European Commission president Ursula von der Leyen hailed the pact as “nothing less than historic”. India’s prime minister Narendra Modi said IMEC would be “the basis of world trade for years to come”, while US president Joe Biden called it “a really big deal.” Saudi Arabia’s Crown Prince Mohammed bin Salman echoed Biden almost verbatim, stating “it is a big deal for us, and for Europe [and] for India”. The parties set themselves a deadline of 60 days to put forward more detailed plans for IMEC’s implementation.
February 2024 saw India and the UAE sign the first formal agreement on the corridor’s development and France’s president Emmanuel Macron appoint a special envoy on IMEC. At the Raisina Dialogue in New Delhi later that month, the Greek prime minister Kyriakos Mitsotakis stressed the importance of the corridor and the need to better connect the EU with India. As Modi said at Raisina, “this is an inter-generational project, and it would be a mistake to see it through the prism of any one event or conflict.” These small signs of activity bode well for a return to formal planning involving all the main parties.
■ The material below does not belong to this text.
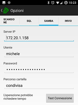 Il campo "Server IP" è l'IP del PC samba all'interno della nostra wireless su cui vogliamo copiare il file da trasmettere con la lista. Il campo "Utente" è il nome dell'utente per accedere al PC. Il campo "Password" è la password dell'utente inserito nel campo "Utente. Il campo "Percorso cartella" è il percorso della cartella su cui vogliamo copiare il file. Questa cartella deve essere condivisa in rete e visibile Tramite il bottone "Test Connessione" possiamo verificare che tutto sia andato a buon fine. Se la connessione è riuscita all'interno della cartella un file chiamato "testConnection" con all'interno la data dell'ultimo test di connessione.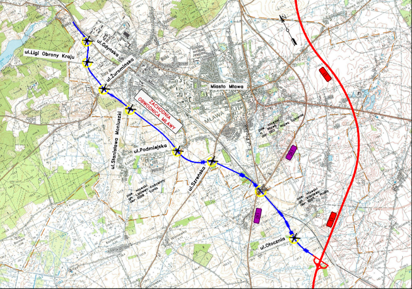 Zachodnia obwodnica Mławy powstanie w ciągu drogi wojewódzkiej nr 544 i będzie mieć 8,4 km długości. Ma przebiegać przez Mławę oraz gminy Lipowiec Kościelny i Wiśniewo. Droga ominie miasto od zachodu i na południu – u zbiegu z trasą ekspresową S7 – włączy się do węzła „Mława Południe”, a na północy – do ul. Gdyńskiej. Wzdłuż drogi powstaną chodniki, ścieżki rowerowe i drogi serwisowe. Skrzyżowania z drogami lokalnymi zostaną przebudowane, a na rzece Seracz powstanie nowy most.

The BRI’s most significant artery to date is perhaps the China-Pakistan Economic Corridor (CPEC). This road and rail corridor runs from the Gwadar and Karachi ports in the Gulf of Oman to Islamabad and then on to the Chinese border town of Kashgar. Parallel to the transport route, Beijing has invested in extensive energy infrastructure including coal power plants, gas pipelines, and wind farms. Through CPEC, Beijing aims to create a strategic avenue for Chinese trade on the Pakistani coast, avoiding the sea trade chokepoint of the Malacca Strait that connects the Indian and Pacific oceans. While its benefits for Pakistan’s economic growth are questionable, China has acquired significant political influence in the country.

In this way, China has established political and economic leverage in countries across the world and constrained its rivals. But, notwithstanding the importance of these political gains, the ten-year scorecard of the BRI is mixed at best: after peaking in the mid-2010s, Beijing’s investment abroad is declining as the country faces mounting domestic economic pressures. And, while the initiative has provided much-needed connectivity in the recipient countries, it has also done so without boosting local, value-added production and has left developing countries indebted to Beijing, meaning many of these countries are now looking elsewhere.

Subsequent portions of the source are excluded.